■ **Description of the task**: It would help if you retyped the data exactly, leaving out the pictures.

■ **The data**:
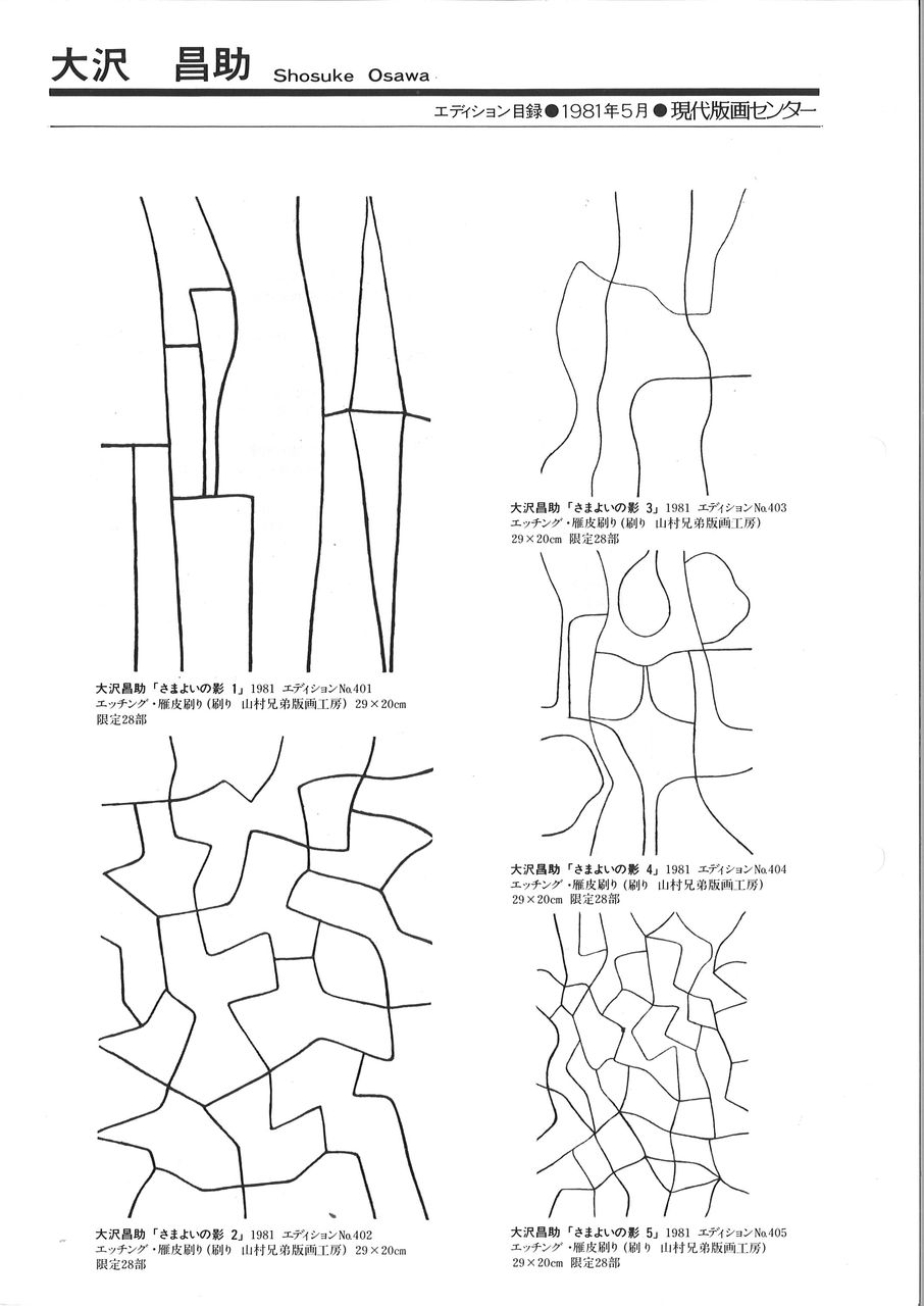 1981.5.1 現代版画センターの記録 大沢昌助「さまよいの影」 大沢昌助 「さまよいの影」 1981年 銅版(エッチング・雁皮刷り)連作5点(刷り:山村兄弟版画工房 山村常夫・山村素夫) 現代版画センターエディションNo.401~No.405
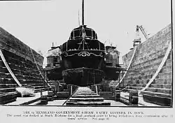 The Queensland Government ordered Lucinda from the Scottish shipyard of William Denny & Brothers at Dumbarton in January 1884 to replace an earlier steam yacht Kate from 1864. She was designed as a paddle yacht and lighthouse tender with a steel hull of 180 feet (55 m) length overall, 25 feet (7.6 m) beam and 9+12 feet (2.9 m) depth; the steamer measured 301 gross register tons and had a service draught of 6 feet 3 inches (1.91 m). Her two side paddles were powered by an oscillating two-cylinder compound engine of 114 nhp, made by Denny, and she was equipped with electric light. She had a female figurehead and her accommodation was well fitted out.[3] The press reported that "Although technically designated as only as lighthouse tender, the Lucinda is in reality one of the most magnificent upholstered and effectively equipped steamers afloat."[5] The forward saloon was fitted with sofas and could be converted to sleep 20 passengers, while the aft saloon was designed for social events. The specification notes that "an oval shaped deck opening in centre, with stained glass skylight, afforded light and ventilation" and that the "aft part of the deckhouse was fitted up as a ladies' ante-room, with side panels of japanese tapestry." There was also a smoking room in the forward deckhouse.[1][3]
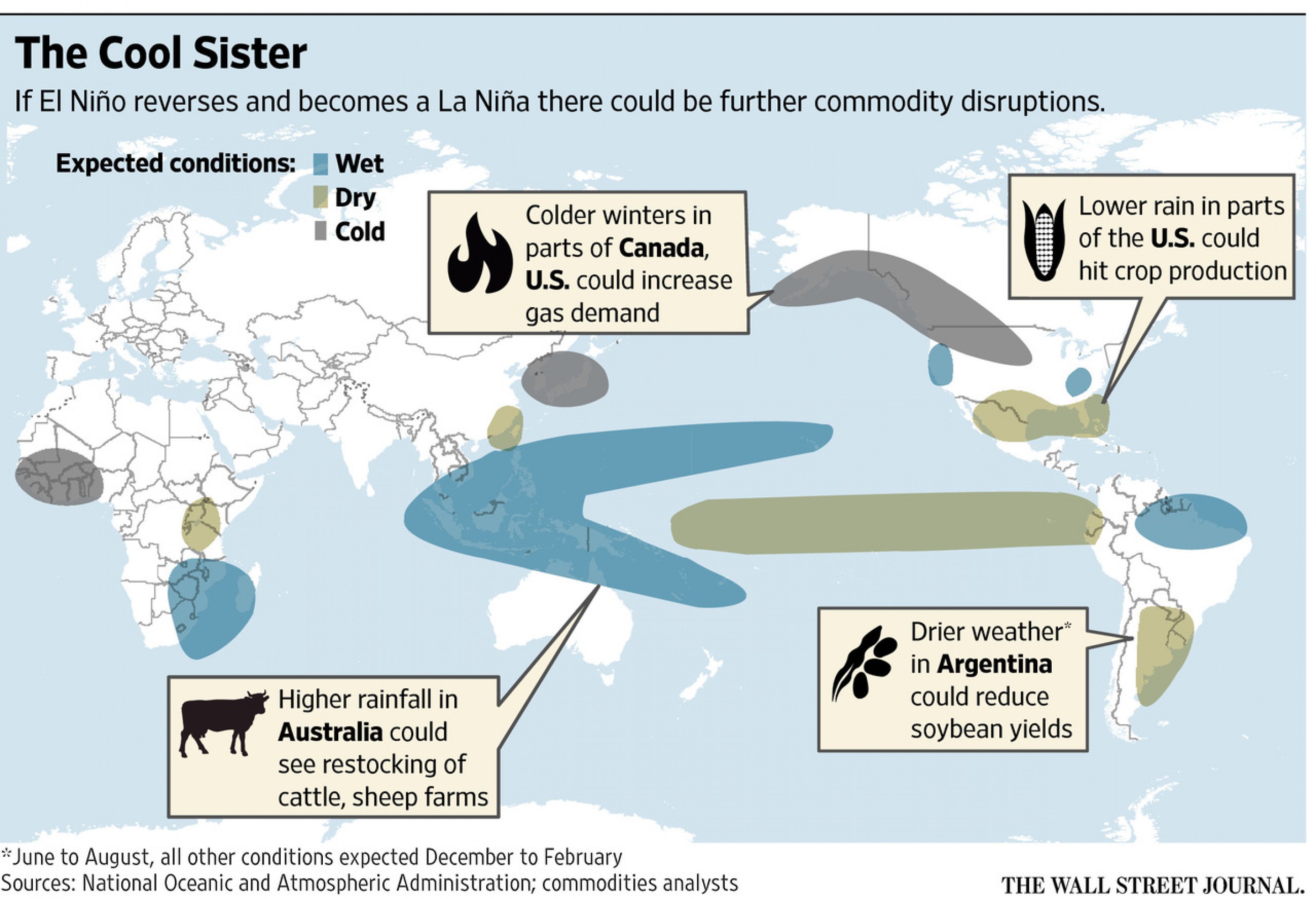 Якобы эффект от El Niño - колебаний температуры поверхностного слоя воды в экваториальной части Тихого океана, имеющих заметное влияние на климат в сторону потепления, - сходит на нет, и на смену ему приходит La Niña - полная противоположность. La Niña, как сообщается, может привести к резкому похолоданию и, как следствие, стать поводом для хаоса на рынке сырья. Но все это пока вопрос будущего.

■ **Response**:
 1981.5.1 現代版画センターの記録 大沢昌助「さまよいの影」 大沢昌助 「さまよいの影」 1981年 銅版(エッチング・雁皮刷り)連作5点(刷り:山村兄弟版画工房 山村常夫・山村素夫) 現代版画センターエディションNo.401~No.405
 The Queensland Government ordered Lucinda from the Scottish shipyard of William Denny & Brothers at Dumbarton in January 1884 to replace an earlier steam yacht Kate from 1864. She was designed as a paddle yacht and lighthouse tender with a steel hull of 180 feet (55 m) length overall, 25 feet (7.6 m) beam and 9+12 feet (2.9 m) depth; the steamer measured 301 gross register tons and had a service draught of 6 feet 3 inches (1.91 m). Her two side paddles were powered by an oscillating two-cylinder compound engine of 114 nhp, made by Denny, and she was equipped with electric light. She had a female figurehead and her accommodation was well fitted out.[3] The press reported that "Although technically designated as only as lighthouse tender, the Lucinda is in reality one of the most magnificent upholstered and effectively equipped steamers afloat."[5] The forward saloon was fitted with sofas and could be converted to sleep 20 passengers, while the aft saloon was designed for social events. The specification notes that "an oval shaped deck opening in centre, with stained glass skylight, afforded light and ventilation" and that the "aft part of the deckhouse was fitted up as a ladies' ante-room, with side panels of japanese tapestry." There was also a smoking room in the forward deckhouse.[1][3]
 Якобы эффект от El Niño - колебаний температуры поверхностного слоя воды в экваториальной части Тихого океана, имеющих заметное влияние на климат в сторону потепления, - сходит на нет, и на смену ему приходит La Niña - полная противоположность. La Niña, как сообщается, может привести к резкому похолоданию и, как следствие, стать поводом для хаоса на рынке сырья. Но все это пока вопрос будущего.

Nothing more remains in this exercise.